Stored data
____
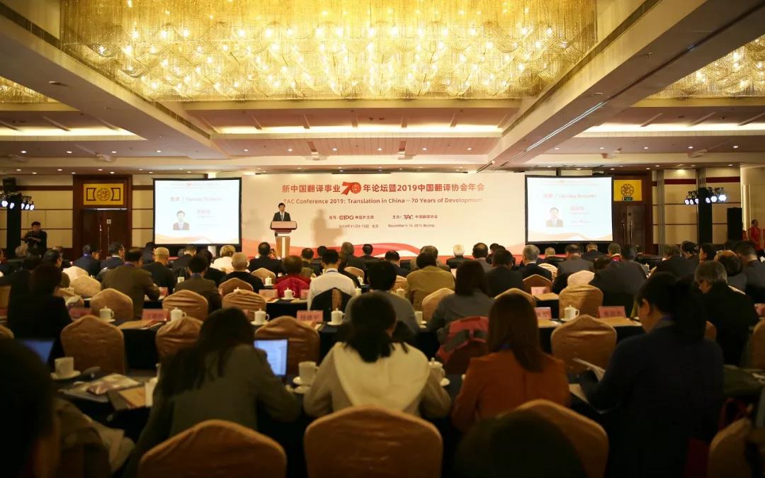 2019年119日,由中国外文局指导,中国翻译协会主办的新中国翻译事业70年论坛暨2019年中国翻译协会年会在北京隆重开幕。来自中央国家机关、各省市、自治区、港澳台地区、企事业单位、高等院校、科研机构及行业组织的代表,以及来自亚洲、欧洲、北美、拉美等十多个国家和地区的代表共900余人参加会议。中宣部部务会议成员、国务院新闻办公室副主任郭卫民、中国外文局局长杜占元、中国翻译协会会长周明伟、国际翻译家联盟主席凯文·夸克(Kevin Quirk)出席大会并致辞。
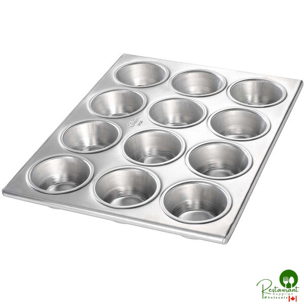 Professional-grade 12-cup muffin pan crafted from heavy-duty 20-gauge aluminum. Features wire-reinforced rim and square corner construction for maximum durability in commercial baking operations.
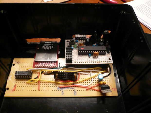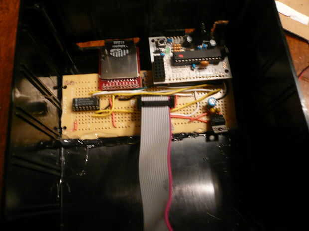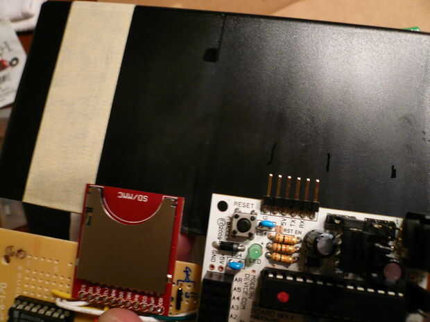 Colocar las placas dentro de la parte inferior de la caja, alineada el DC jack y el zócalo de la tarjeta SD justo donde pensé sería contrario accesible y luego usa una pistola de pegamento caliente para pegar el tablero al fondo de la caja. También he añadido algunos pegamento caliente alrededor de la toma de CC para mantener la presión en el receptáculo de la cabecera al insertar al conector. Coloqué una pequeña cantidad de pegamento caliente en la parte inferior del PCB antes de colocarlo en el recinto y rápidamente Coloque en su lugar. Yo entonces alineado todo el filo de la PCB con pegamento caliente, otra vez, para mantener firmemente en su lugar antes de conectar el DC jack o tarjetas SD.
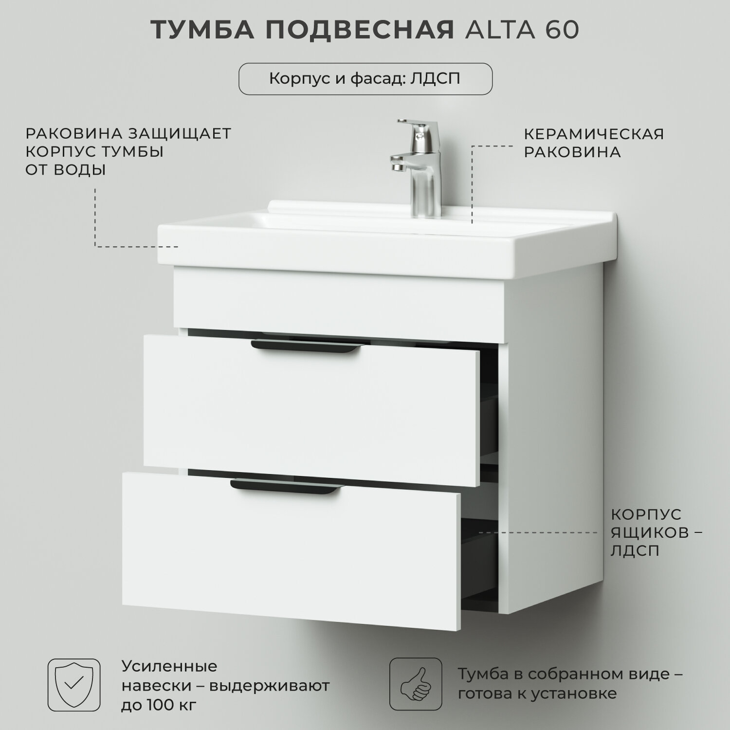Подвесная тумба с раковиной из коллекции Alta - это сочетание природного декора и благородства металла. Современные материалы из которых изготовлена тумба для ванной, обладают повышенной влагостойкостью. Материал корпуса и фасадов тумбы для ванной из ламинированного ДСП. Качественная фурнитура с доводчиками обеспечивает легкое открывание и плавное закрывание ящиков и дверок. Вырез под сифон универсальный, для любого типа. Благодаря своей конструкции тумба обеспечивает удобный доступ к раковине и позволяет скрыть коммуникации. Тумба с раковиной в ванную оснащена удобными ящиками для хранения, что позволяет разместить всё необходимое под рукой. Керамический умывальник – это безупречная гладкость поверхности, на которой не задерживаются загрязнения. Легкий уход, что обеспечивает гигиеничность. А так же долговечность – ударопрочность, устойчивость к царапинам и химическим веществам. Дополнить комплект можно зеркальным шкафом, пеналом или стеллажом. Для точного выбора тумбочки с раковиной в ванную комнату рекомендуем обратиться к схеме замеров, которая находится на фото в карточке товара, размеры изделия могут отличаться +/-1 см в связи со спецификой производства. Тумба для ванной доставляется в предварительно собранном виде, надежно упакована. Изделия коллекции качественные, функциональные и органически впишутся в популярные и современные интерьерные решения для ванных комнат.
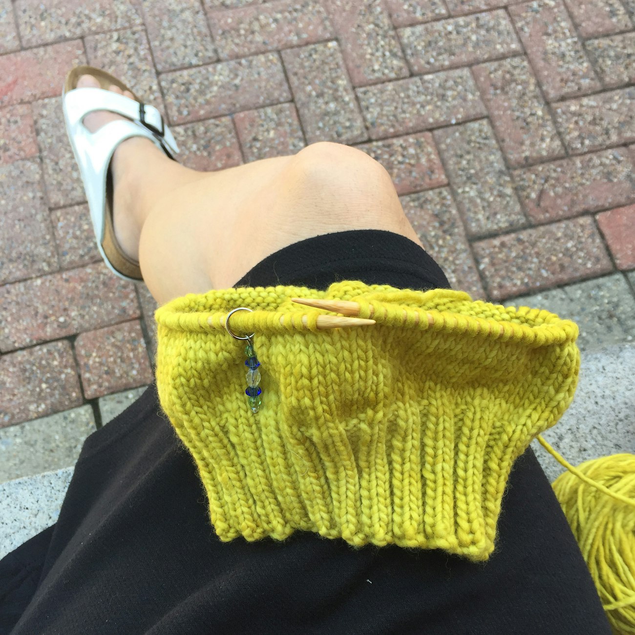 Knitting on the patio is a great way to enjoy being outside when the weather is warm.
____
* _WORK REQUIRED_:
With the pictures left aside, set down each entry above exactly as it stands.

* _SOLUTION FOR THIS TASK_:
 2019年119日,由中国外文局指导,中国翻译协会主办的新中国翻译事业70年论坛暨2019年中国翻译协会年会在北京隆重开幕。来自中央国家机关、各省市、自治区、港澳台地区、企事业单位、高等院校、科研机构及行业组织的代表,以及来自亚洲、欧洲、北美、拉美等十多个国家和地区的代表共900余人参加会议。中宣部部务会议成员、国务院新闻办公室副主任郭卫民、中国外文局局长杜占元、中国翻译协会会长周明伟、国际翻译家联盟主席凯文·夸克(Kevin Quirk)出席大会并致辞。
 Professional-grade 12-cup muffin pan crafted from heavy-duty 20-gauge aluminum. Features wire-reinforced rim and square corner construction for maximum durability in commercial baking operations.
 Colocar las placas dentro de la parte inferior de la caja, alineada el DC jack y el zócalo de la tarjeta SD justo donde pensé sería contrario accesible y luego usa una pistola de pegamento caliente para pegar el tablero al fondo de la caja. También he añadido algunos pegamento caliente alrededor de la toma de CC para mantener la presión en el receptáculo de la cabecera al insertar al conector. Coloqué una pequeña cantidad de pegamento caliente en la parte inferior del PCB antes de colocarlo en el recinto y rápidamente Coloque en su lugar. Yo entonces alineado todo el filo de la PCB con pegamento caliente, otra vez, para mantener firmemente en su lugar antes de conectar el DC jack o tarjetas SD.
Подвесная тумба с раковиной из коллекции Alta - это сочетание природного декора и благородства металла. Современные материалы из которых изготовлена тумба для ванной, обладают повышенной влагостойкостью. Материал корпуса и фасадов тумбы для ванной из ламинированного ДСП. Качественная фурнитура с доводчиками обеспечивает легкое открывание и плавное закрывание ящиков и дверок. Вырез под сифон универсальный, для любого типа. Благодаря своей конструкции тумба обеспечивает удобный доступ к раковине и позволяет скрыть коммуникации. Тумба с раковиной в ванную оснащена удобными ящиками для хранения, что позволяет разместить всё необходимое под рукой. Керамический умывальник – это безупречная гладкость поверхности, на которой не задерживаются загрязнения. Легкий уход, что обеспечивает гигиеничность. А так же долговечность – ударопрочность, устойчивость к царапинам и химическим веществам. Дополнить комплект можно зеркальным шкафом, пеналом или стеллажом. Для точного выбора тумбочки с раковиной в ванную комнату рекомендуем обратиться к схеме замеров, которая находится на фото в карточке товара, размеры изделия могут отличаться +/-1 см в связи со спецификой производства. Тумба для ванной доставляется в предварительно собранном виде, надежно упакована. Изделия коллекции качественные, функциональные и органически впишутся в популярные и современные интерьерные решения для ванных комнат.
 Knitting on the patio is a great way to enjoy being outside when the weather is warm.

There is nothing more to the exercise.